En cas de refus exprès de vendre ou passé le délai des 3 mois, le notaire devras constater la naissance
du conflit par l’établissement d’un procès-verbal de carence et le tribunal de grande instance pourra
être saisi sur requête des coïndivisaires à l’origine de la procédure. Le procès-verbal dressé par le notaire
servira de fondement pour que le juge statue sur la question de la vente du bien. Le juge a le rôle de
vérifier que toute la procédure a été respectée via le procès-verbal qui devra être le plus détaillé possible.
Si tout est conforme le juge ordonnera la vente qui aura le caractère d’une licitation.
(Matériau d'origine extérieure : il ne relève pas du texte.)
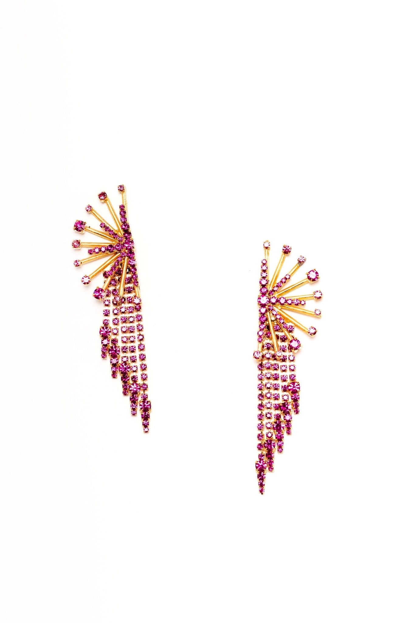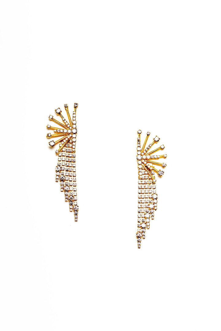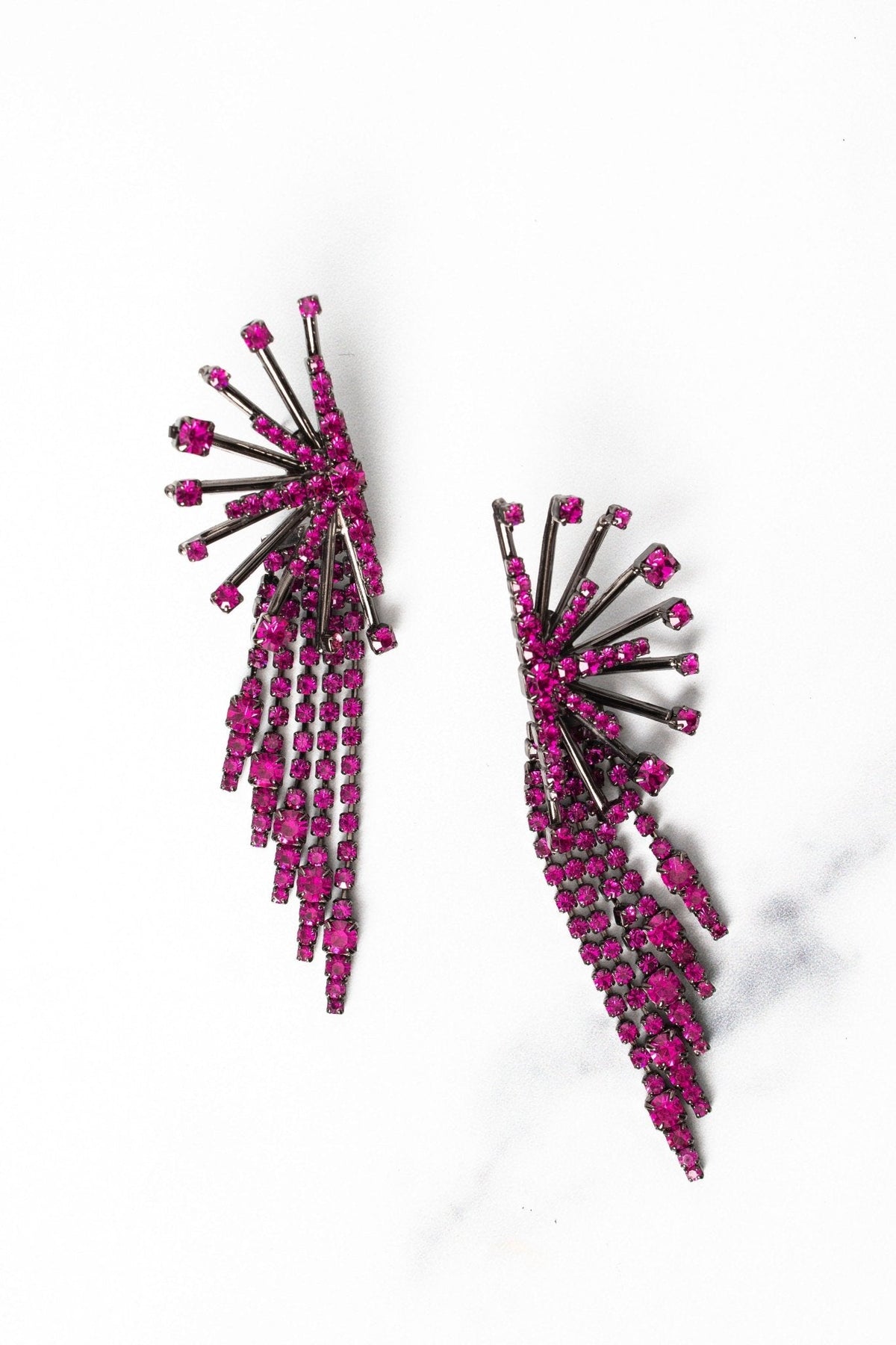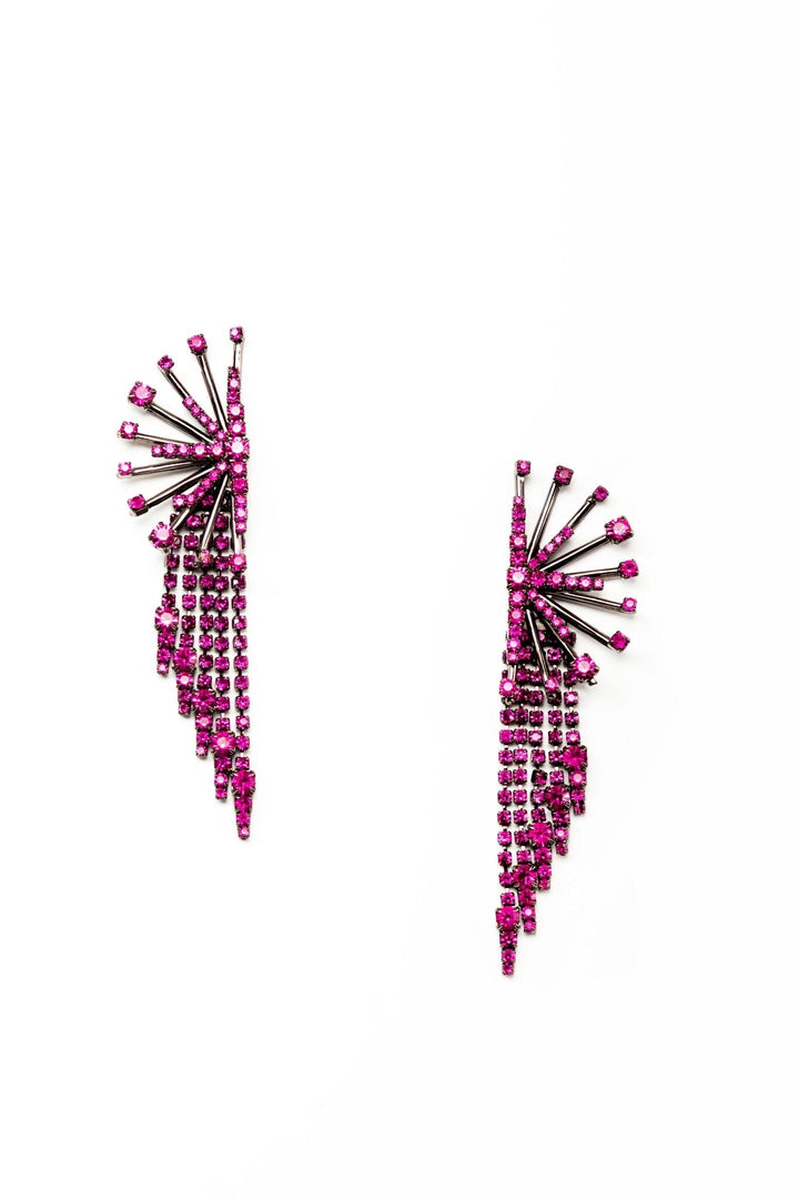 These Cressida Earrings by Elizabeth Cole – Make a statement with the Cressida Earrings, featuring a spray of glittering crystals and a dazzling crystal fringe. Available in various colors, these earrings elevate any look to the next level.

La question posée par cette procédure de vente alors qu’une opposition a pu être formée est celle de
savoir si les droits des indivisaires opposant sont garantis par ce mécanisme. La réponse est positive
dans le sens où la vente ne pourra être ordonnée que si le juge appelé à statuer est celui qui en principe
constate l’ouverture d’un droit préférentiel pour l’indivisaire opposant en vertu des articles 831 à 834
du code civil. Ainsi tout indivisaire qui souhaite se voir attribuer le bien de manière préférentielle pourra
faire une demande reconventionnelle en ce sens auprès dudit juge.
Enfin, si vente il y a lieu celle-ci ne vaudra pas partage et le prix tiré de celle-ci devra revenir dans la
masse indivise pour être partager par la suite entre tous les indivisaires.